Trump ordered ByteDance to divest TikTok last month amid concerns that the personal information of up to 100 million Americans who use the app could be leaked to the Chinese Communist Party government.
On Wednesday he reiterated that he was against ByteDance retaining the majority in TikTok.
The White House and ByteDance have agreed on a term sheet on some aspects of a deal, although Trump has not yet approved it, one of the sources said. Top ByteDance US investors, Oracle and possibly Walmart would hold at least a 60% stake in TikTok̵
White House chief of staff Mark Meadows said the situation was still fluid.
“There is no specific proposal that the president should consider or reject at this point,” Meadows told reporters.
The new company, called TikTok Global, will have a majority of American directors, a U.S. executive director and a security expert on the board, the source added. Oracle has agreed to hold a 20% stake in the company, according to the source. If Walmart is also successful in negotiating an equity stake, its CEO, Doug McMillon, would get a seat on the board of directors of TikTok Global, the source said.
Trump said his administration spoke to Walmart and Oracle on Thursday but “not much has changed about one deal”.

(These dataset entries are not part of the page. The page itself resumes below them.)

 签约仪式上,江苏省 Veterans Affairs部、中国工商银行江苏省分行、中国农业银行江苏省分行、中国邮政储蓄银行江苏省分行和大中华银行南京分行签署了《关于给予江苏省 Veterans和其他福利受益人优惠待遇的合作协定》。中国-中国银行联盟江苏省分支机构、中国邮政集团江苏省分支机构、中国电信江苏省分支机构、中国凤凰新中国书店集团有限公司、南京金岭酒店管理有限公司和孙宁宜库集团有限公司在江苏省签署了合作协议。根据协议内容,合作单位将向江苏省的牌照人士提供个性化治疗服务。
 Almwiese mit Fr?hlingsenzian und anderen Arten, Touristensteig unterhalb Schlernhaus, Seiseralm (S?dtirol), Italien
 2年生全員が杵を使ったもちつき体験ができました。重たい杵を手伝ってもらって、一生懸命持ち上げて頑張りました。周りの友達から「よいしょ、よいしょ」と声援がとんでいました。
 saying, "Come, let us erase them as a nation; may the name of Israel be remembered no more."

Without adding any details, he added, “I think Microsoft is still involved.” Microsoft said Sunday its offer for TikTok has been turned down. Microsoft didn’t immediately respond to a request for comment on Thursday.
“We’ll make a decision soon,” said Trump.

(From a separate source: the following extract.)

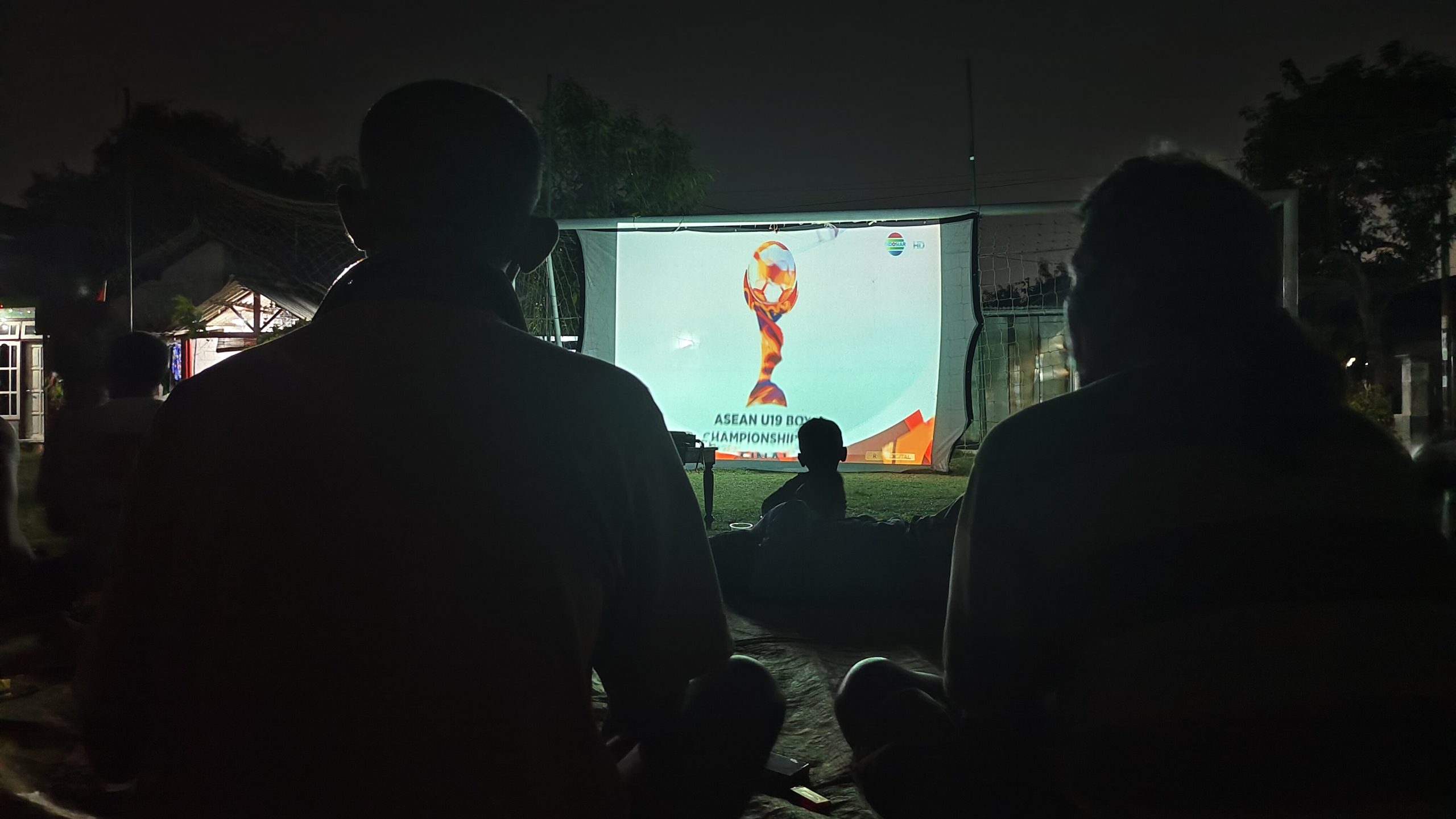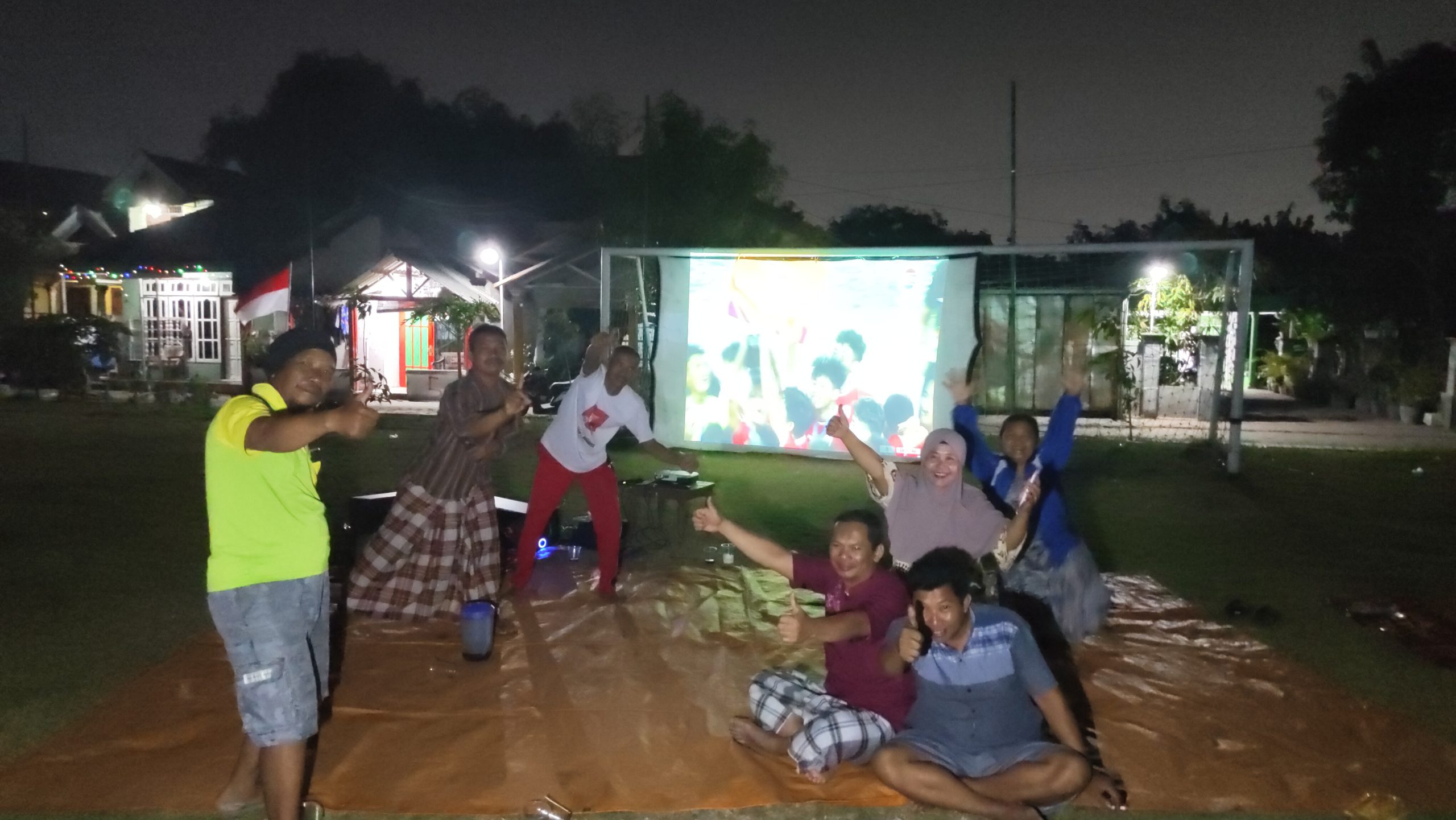 Pukul 18.00 WIB, Seniman bersama warga lain mulai memasang Layar putih di gawang lapangan tersebut. Begitu proyektor menyala, warga sekitar pun mulai berdatangan , meskipun mendadak ternyata animo warga sangat tinggi mulai dari anak anak, remaja, ibu ibu dan bapak bapak pun duduk di rumput beralaskan terpal.

An IPO of TikTok would be one of the tech sector’s biggest IPOs, as the app was recently valued at more than $ 50 billion by ByteDance investors. It would further reduce ByteDance’s stake in the company to appease US officials who want to see the Chinese company no longer have a grip on the video app.
The IPO filing would be on a U.S. exchange and could be in about a year, the sources said.

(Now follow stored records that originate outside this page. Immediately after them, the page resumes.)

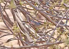 Самка окрашена подобно самцу, только на спине нет красного оттенка, на боках лишь слабый красный оттенок, а нижние кроющие хвоста тёмно-коричневые[2].
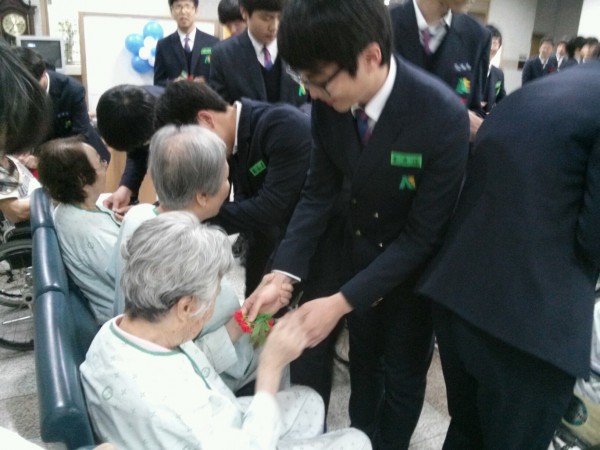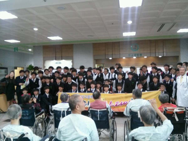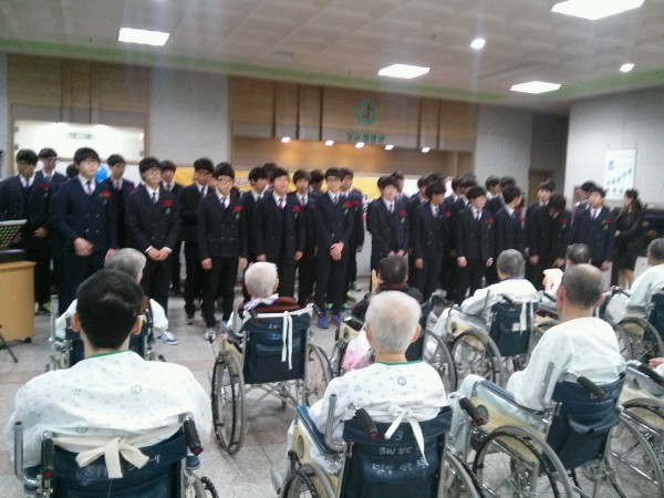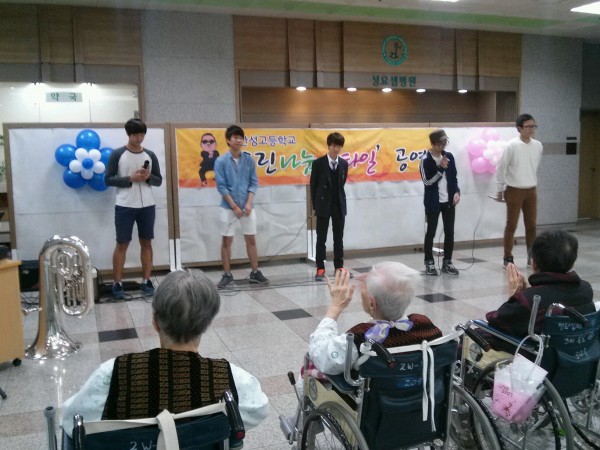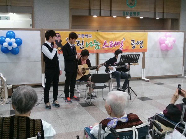 내일모레면 어버이날입니다.^^ 이번에 어버이날을 맞이하여 안성고등학교 재능나눔봉사동아리 '우린 나눔 스타일' 팀의 위문공연이 있었습니다. 기타연주, 가요, 댄스, 튜바독주, 합창 등의 다양한 공연을 선보였습니다. 손자, 손녀 같은 학생들의 공연에 어르신들이 무척 흡족해 하시며 즐거운 시간을 보내셨고, 마지막에 학생들이 어버이은혜를 부르며 어르신들에게 카네이션을 달아드렸는데 어르신들의 눈시울이 붉어졌던 감동의 시간이었습니다.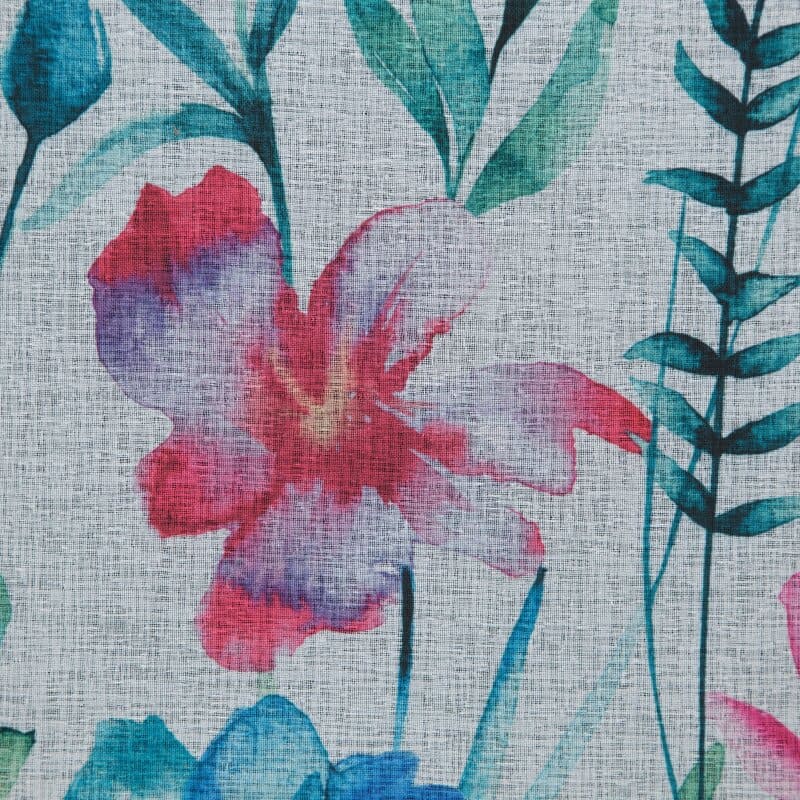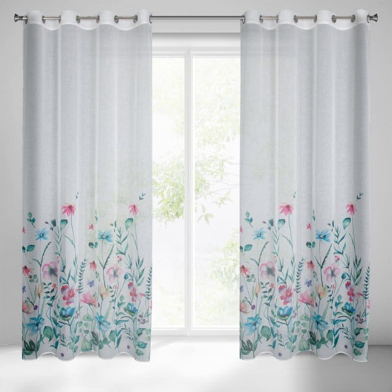 Jūsu iepirkumu grozs ir tukšs! Aizkars 140x250 Lilian balts zils no daļēji caurspīdīga etamīna ar otu krāsotu ziedu apdruku, gatavs uz starplikām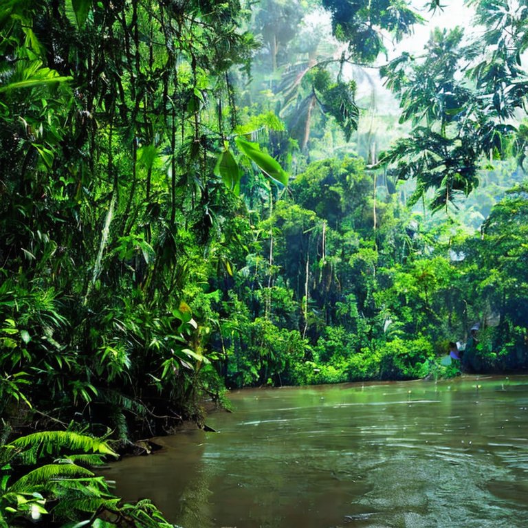 A lush Amazon jungle with a river.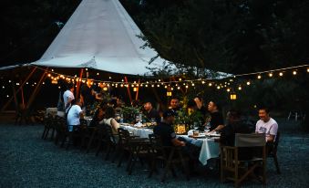 獨特的體驗 大帳篷住的還是蠻愜意的 獨立衞浴好評!寵物友好100分!旁邊還有現做的簡餐~挺好的!唯一就是4月初入住的,土很大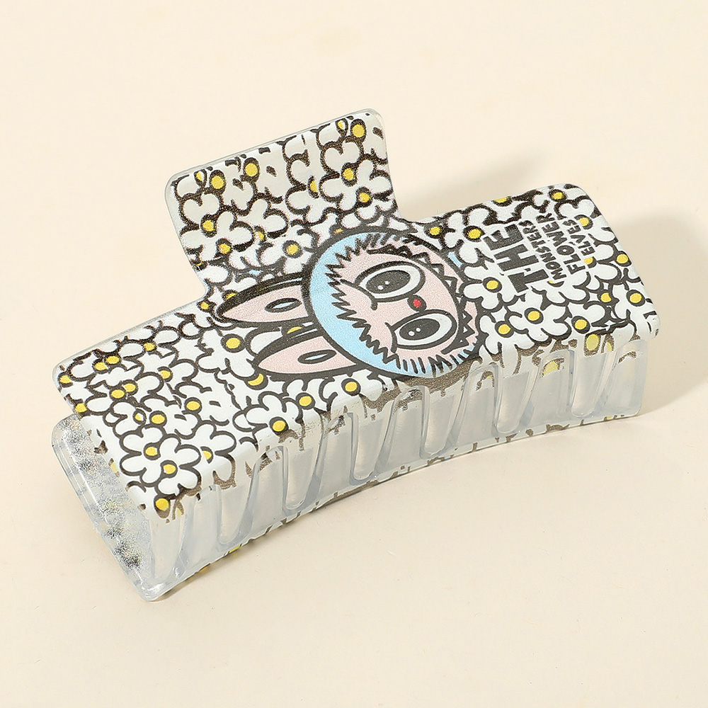 Details • Size : 3.3" X 1.7" • Adorable printed hair claw featuring playful character art and a daisy floral design. Strong grip keeps hair secure and stylish all day. Perfect for casual looks, school, or fun outings, this quirky accessory blends practicality with personality. A trendy must-have for kids, teens, and playful styles.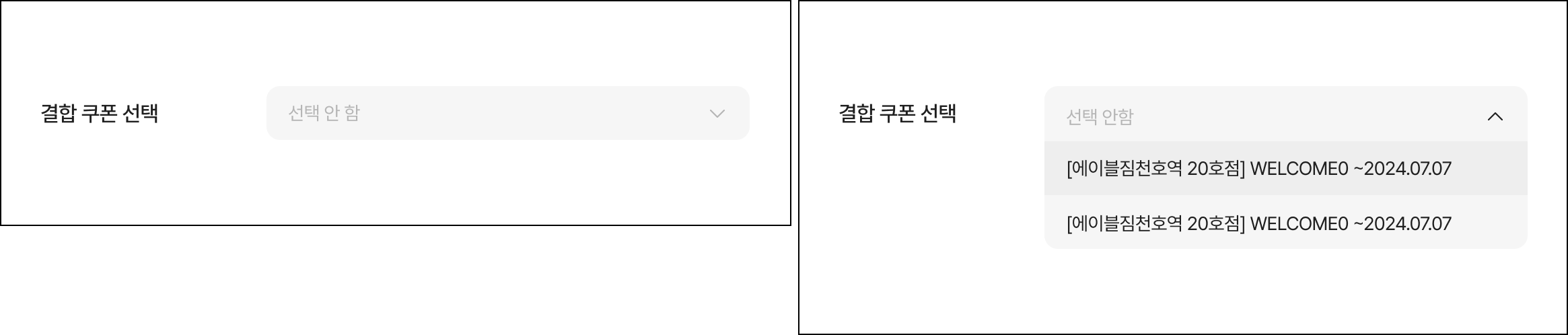 결합 쿠폰 선택 메뉴를 클릭하면 하단에 센터에서 생성한 할인 쿠폰 목록이 표시돼요.

There is no certainty that Trump will sign the deal. It was also not immediately clear what assets TikTok Global would own beyond the app’s assets in the US. According to Reuters, ByteDance has offered to create 25,000 new U.S. jobs with TikTok, headquartered in the United States, in an attempt to win Trump’s blessing on a deal.
It was also not clear whether ByteDance China could present the deal as a majority stake in TikTok. Chinese officials have stated they don’t want ByteDance to agree to a forced sale, and the company’s proposal to the White House earlier this week saw the company retain a majority stake in TikTok.
TikTok Global’s board of directors would include a U.S.-approved national security director who chairs a security committee that oversees the protection of user data, according to someone familiar with the matter.
The term sheet grants Oracle the right to view the source code of TikTok and contains numerous provisions to ensure data security and the requirement that all US user data remain in the USA hosted by Oracle.
It’s not clear what Oracle or Walmart will pay for a stake. Oracle, Walmart, and Treasury did not comment immediately.
Meadows said Thursday that the government is still reviewing details of the deal and whether it meets national security thresholds. Meadows said if TikTok was largely Chinese-run as part of the Oracle deal, it would not meet Trump’s goals.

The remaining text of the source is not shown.